What we won't get?

Labour won its biggest media hit in the first few days by resorting to 1980s-style comfort territory, promising to hit the rich. There may well be ample justification for raising taxes on those earning more than £70,000 a year. But that justification should be framed not in terms of taxing the affluent for its own sake, but of how it will be spent in order to tackle the growing economic and social inequalities that characterise modern Britain. On this, Labour has little meaningful to say. Its big-ticket spending items so far – free school lunches for all primary school children, scrapping tuition fees, maintaining the pensions triple lock and universal old-age benefits such as the winter fuel allowance – will do very little to improve social mobility.

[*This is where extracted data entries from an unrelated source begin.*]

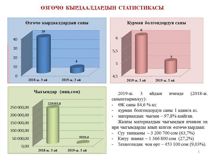 Маалыматка ылайык, өткөн жылы алгачкы үч ай аралыгында 39 өзгөчө кырдаал катталса, быйыл үчөө катталган.
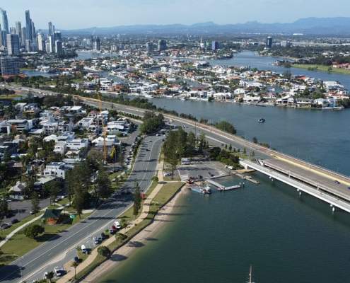 Even a stationary drone can create a sense of motion by how you frame the shot. Look for repeating patterns, textures in water, or traffic moving along a road. From above, these become design elements that ground your photo in reality — while still feeling almost surreal.
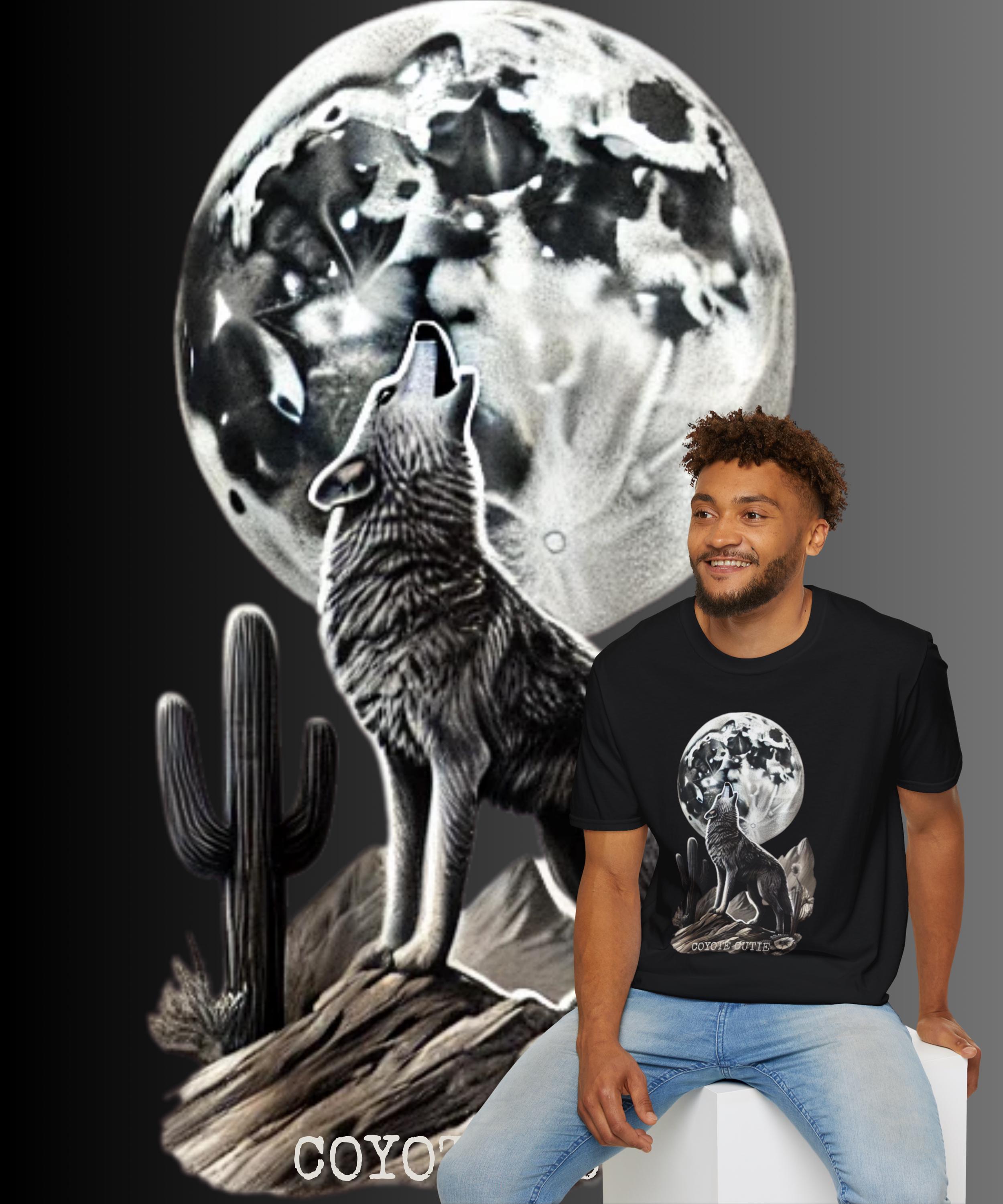 “Coyote Cutie” Full Moon Unisex T-Shirt – A Perfect Blend of Wilderness and Style
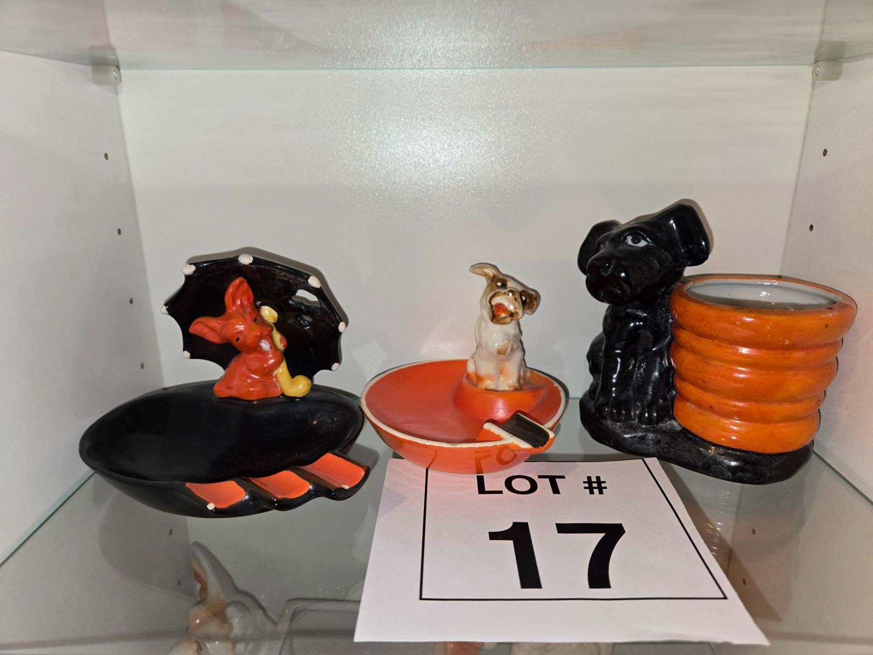 Three-piece lot of Japanese ceramic novelty dog items including figural ashtrays and a dog-form planter. Hand-painted glazed ceramic with umbrella and seated dog motifs.
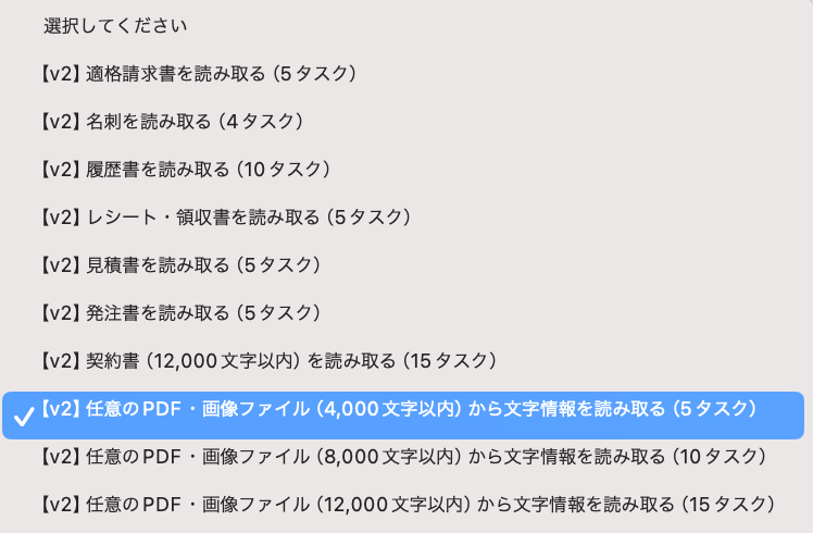 ・OCRまたは音声を文字起こしするAIオペレーションはチームプラン・サクセスプランでのみご利用いただける機能となっております。フリープラン・ミニプランの場合は設定しているフローボットのオペレーションはエラーとなりますので、ご注意ください。

It increasingly looks like this is an election campaign that will be defined by the two main political parties dodging the real questions facing Britain. The campaign will provide few opportunities to debate key questions about the shape and size of the state. 
Do we want the expensive tax cuts Philip Hammond has promised to deliver for more affluent families and businesses, even if they come at the expense of poor working families losing thousands of pounds a year in tax credit cuts, hospitals and schools stretched beyond capacity and declining numbers of low-income pensioners getting state support with the costs of their care?
Beyond that, there will be little airtime devoted to the important economic and social challenges that have confounded policymakers in recent years. How do we tackle spiralling house price growth? What do we do about the widening wealth gap between the prosperous south-east and the rest of the country? How do we address the relatively high rates of illiteracy and innumeracy among British young people? Why have people’s wages all but stopped growing? How do we provide enough quality care for our ageing population?